DIRECTIONS:
Images are to be excluded from the copy, and the records below reproduced word for word.

------------

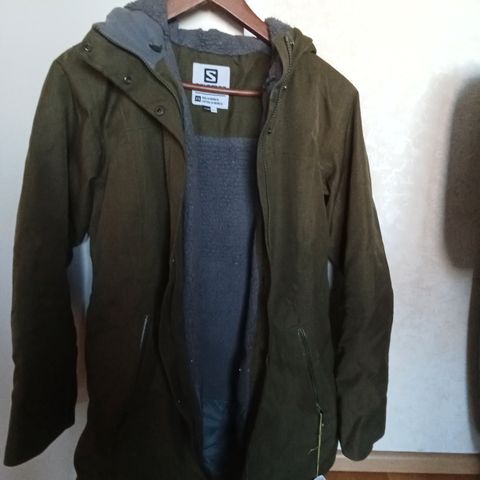Käytetty, ehjä takki. Käytön jälkiä näkyy.
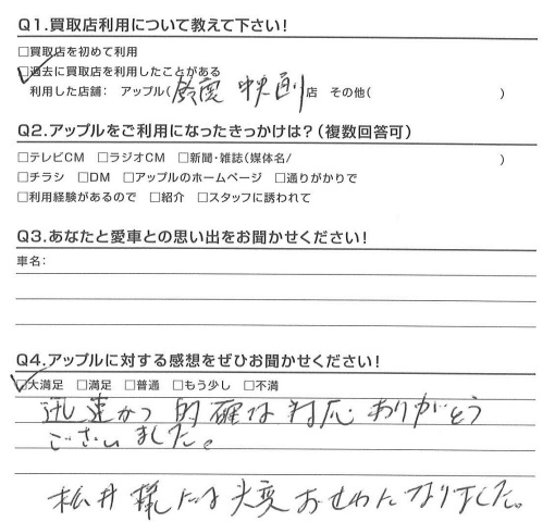 お車のご相談・ 査定だけでもOK! カンタン 入力 30秒 アップルがブランド買取始めました! お電話でも受付中! 受付時間10:00 ~ 18:30 0120-174-177 お車のご相談・ 査定だけでもOK! カンタン 入力 30秒 アップルがブランド買取始めました! お電話でも受付中! 受付時間10:00 ~ 18:30 0120-174-177 アップルがブランド買取始めました! お電話でも受付中! 受付時間10:00 ~ 18:30 0120-174-177 店舗情報 在庫車 スタッフ紹介 ブログ お客様の声 キャンペーン お得 無料査定 click お客様の声 ご記入日: 2016/07/03 N様 迅速かつ的確な対応ありがとうございました。松井様には大変おせわになりました。担当:松井 前へ 次へ お客様の声一覧を見る
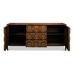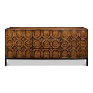 Introducing a piece of modern art for your living space - the Geometric Sideboard. With its striking applique design featuring a mesmerizing pattern of octagons, this sideboard is guaranteed to be the focal point of any room.
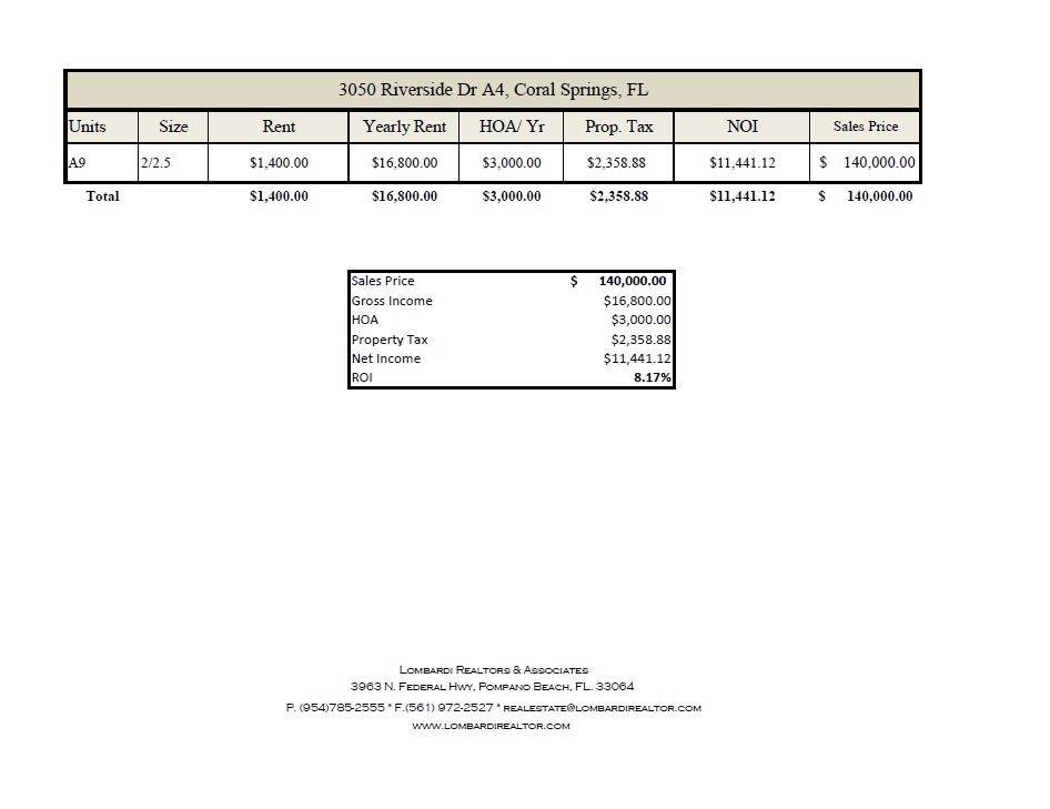 Beautiful 2/2.5 Townhouse in the Heart of Coral Springs close to shoppings, A rated schools, and main highways. All updated with granite tops, newer appliances, tile and laminate floors. Two enclosed patios, 1 in each suite. Spacious rooms and lots of storage space. Washer/Dry and Laundry Room. Great investment, rented for $1,400/ mo. Leased until April 2017. Seller will transfer last and security deposit to new owners.
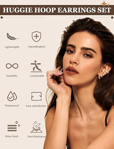 • Stud and Hoop Earrings Sizes: Women's earrings studs gauge:0.8mm(20G),pole length:10mm.Basic earring huggies inner diameter:8mm/10mm/12mm.Easy to insert and remove,they are well-fitted,stackable,and ideal for multiple ear piercings.Whether stacked or worn alone,they are the perfect choice for any style
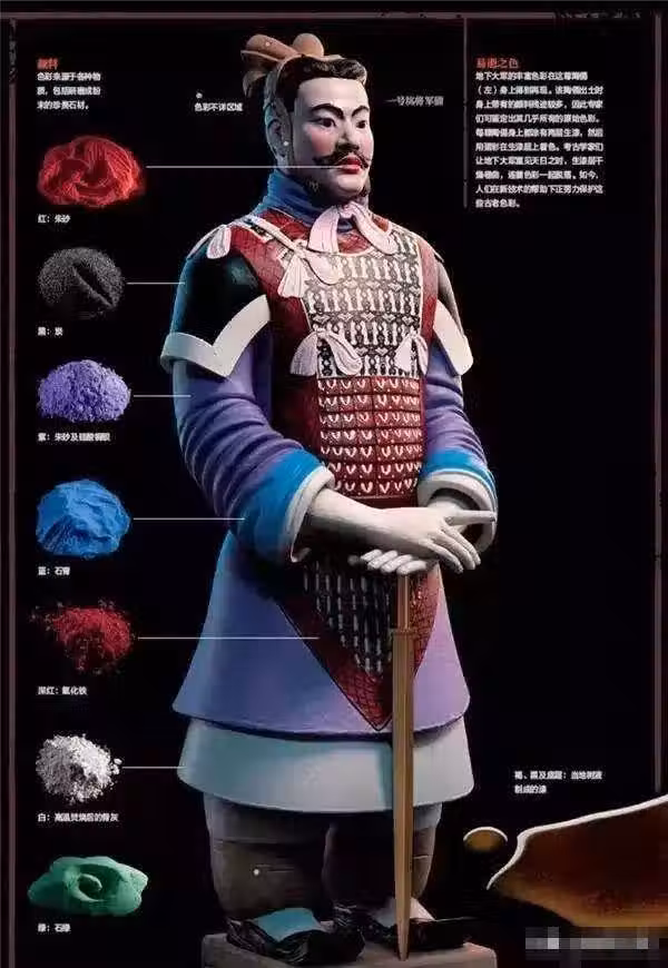 一尊兵馬俑需要上多種顏色,很多的顏色在當時都十分稀有,比如藍紫色,製作這種顏色十分複雜,無法想像在生產力落後的古代,是如何製作藍紫色的?
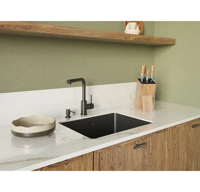 Установка дозатора не вызовет трудностей благодаря отверстию для установки размером 25 мм. Максимальная толщина столешницы, под которую подходит дозатор, составляет 50 мм. Это означает, что он подойдет для большинства стандартных кухонных столешниц.
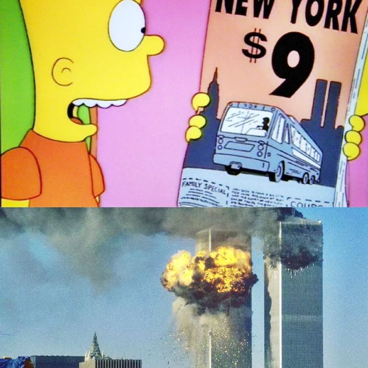 เหตุการณ์นี้ปรากฏในตอน "The City of New York vs. The Homer Simpsons" ปี 1997 โดยเนื้อหาในตอนนี้คือการที่ครอบครัวซิมป์สันส์เดินทางไปมหานครนิวยอร์กเพื่อตามหารถบ้านที่ถูกขโมยไป ซึ่งมีฉากที่ลิซ่าเห็นโฆษณาบนรถบัสไปนิวยอร์กในราคา 9 ดอลลาร์ และหากสังเกตดี ๆ จะเห็นตึกคู่ World Trade Center อยู่ข้างเลข 9 ซึ่งทำนายถึงเหตุการณ์ 9/11 ที่เกิดขึ้นจริงในวันที่ 11 กันยายน 2001 หลังจากตอนนี้ออกฉายได้ 4 ปี และในเหตุการณ์จริงตึกคู่นี้ก็ถูกทำลายลง ทำให้ตอนนี้ถูกห้ามฉายไปช่วงหนึ่ง
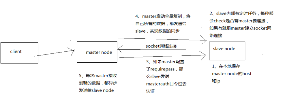 如果 master 设置了 requirepass,那么 salve node 必须发送 masterauth的口令过去进行认证
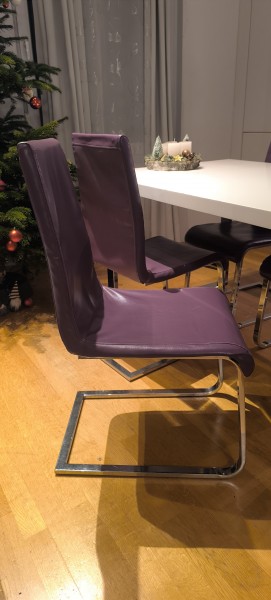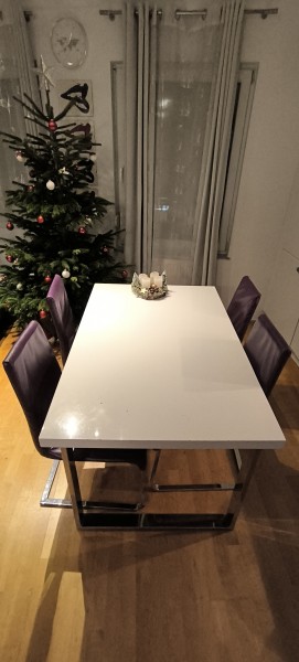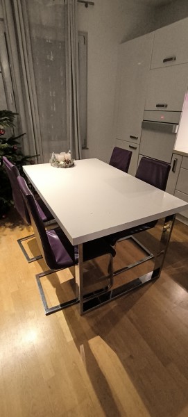 Podarimo jedilno mizo dimenzije 140x90cm in 4 stole. Miza je odrgnjena, a masivna. Stoli prav tako obrabljeni, a trpežni in uporabni. Stoli: vijolično umetno usnje.
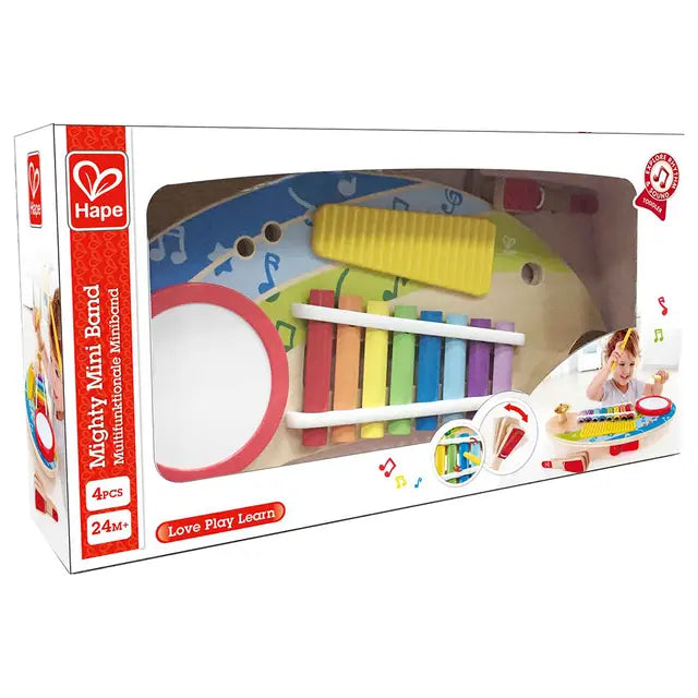 - مجموعة الفرقة الموسيقية المتكاملة تشمل اكسيليفون وطبل وصنج وأداة تصفيق وعصاتي طبل - يمكن للموسيقيين الصغار أن يبدأو في تطوير المهارات السمعية والإيقاعية - جميع الرسومات مطبوعة لزيادة المتانة وتسهيل المسح للتنظيف - تستخدم هيب لمسات نهائية غير سامة وآمنة على الأطفال بجودة عالية - سوف تشكلين فرقة من شخص واحد بواسطة هذه الطاولة الرائعة متعددة الآلات الموسيقية. تتضمن طبل - واكسيليفون وصنع ولوح خدش وأداة تصفيق وعصاتين.

------------

RESULT OF THIS TASK:
Käytetty, ehjä takki. Käytön jälkiä näkyy.
 お車のご相談・ 査定だけでもOK! カンタン 入力 30秒 アップルがブランド買取始めました! お電話でも受付中! 受付時間10:00 ~ 18:30 0120-174-177 お車のご相談・ 査定だけでもOK! カンタン 入力 30秒 アップルがブランド買取始めました! お電話でも受付中! 受付時間10:00 ~ 18:30 0120-174-177 アップルがブランド買取始めました! お電話でも受付中! 受付時間10:00 ~ 18:30 0120-174-177 店舗情報 在庫車 スタッフ紹介 ブログ お客様の声 キャンペーン お得 無料査定 click お客様の声 ご記入日: 2016/07/03 N様 迅速かつ的確な対応ありがとうございました。松井様には大変おせわになりました。担当:松井 前へ 次へ お客様の声一覧を見る
 Introducing a piece of modern art for your living space - the Geometric Sideboard. With its striking applique design featuring a mesmerizing pattern of octagons, this sideboard is guaranteed to be the focal point of any room.
 Beautiful 2/2.5 Townhouse in the Heart of Coral Springs close to shoppings, A rated schools, and main highways. All updated with granite tops, newer appliances, tile and laminate floors. Two enclosed patios, 1 in each suite. Spacious rooms and lots of storage space. Washer/Dry and Laundry Room. Great investment, rented for $1,400/ mo. Leased until April 2017. Seller will transfer last and security deposit to new owners.
 • Stud and Hoop Earrings Sizes: Women's earrings studs gauge:0.8mm(20G),pole length:10mm.Basic earring huggies inner diameter:8mm/10mm/12mm.Easy to insert and remove,they are well-fitted,stackable,and ideal for multiple ear piercings.Whether stacked or worn alone,they are the perfect choice for any style
 一尊兵馬俑需要上多種顏色,很多的顏色在當時都十分稀有,比如藍紫色,製作這種顏色十分複雜,無法想像在生產力落後的古代,是如何製作藍紫色的?
 Установка дозатора не вызовет трудностей благодаря отверстию для установки размером 25 мм. Максимальная толщина столешницы, под которую подходит дозатор, составляет 50 мм. Это означает, что он подойдет для большинства стандартных кухонных столешниц.
 เหตุการณ์นี้ปรากฏในตอน "The City of New York vs. The Homer Simpsons" ปี 1997 โดยเนื้อหาในตอนนี้คือการที่ครอบครัวซิมป์สันส์เดินทางไปมหานครนิวยอร์กเพื่อตามหารถบ้านที่ถูกขโมยไป ซึ่งมีฉากที่ลิซ่าเห็นโฆษณาบนรถบัสไปนิวยอร์กในราคา 9 ดอลลาร์ และหากสังเกตดี ๆ จะเห็นตึกคู่ World Trade Center อยู่ข้างเลข 9 ซึ่งทำนายถึงเหตุการณ์ 9/11 ที่เกิดขึ้นจริงในวันที่ 11 กันยายน 2001 หลังจากตอนนี้ออกฉายได้ 4 ปี และในเหตุการณ์จริงตึกคู่นี้ก็ถูกทำลายลง ทำให้ตอนนี้ถูกห้ามฉายไปช่วงหนึ่ง
 如果 master 设置了 requirepass,那么 salve node 必须发送 masterauth的口令过去进行认证
 Podarimo jedilno mizo dimenzije 140x90cm in 4 stole. Miza je odrgnjena, a masivna. Stoli prav tako obrabljeni, a trpežni in uporabni. Stoli: vijolično umetno usnje.
 - مجموعة الفرقة الموسيقية المتكاملة تشمل اكسيليفون وطبل وصنج وأداة تصفيق وعصاتي طبل - يمكن للموسيقيين الصغار أن يبدأو في تطوير المهارات السمعية والإيقاعية - جميع الرسومات مطبوعة لزيادة المتانة وتسهيل المسح للتنظيف - تستخدم هيب لمسات نهائية غير سامة وآمنة على الأطفال بجودة عالية - سوف تشكلين فرقة من شخص واحد بواسطة هذه الطاولة الرائعة متعددة الآلات الموسيقية. تتضمن طبل - واكسيليفون وصنع ولوح خدش وأداة تصفيق وعصاتين.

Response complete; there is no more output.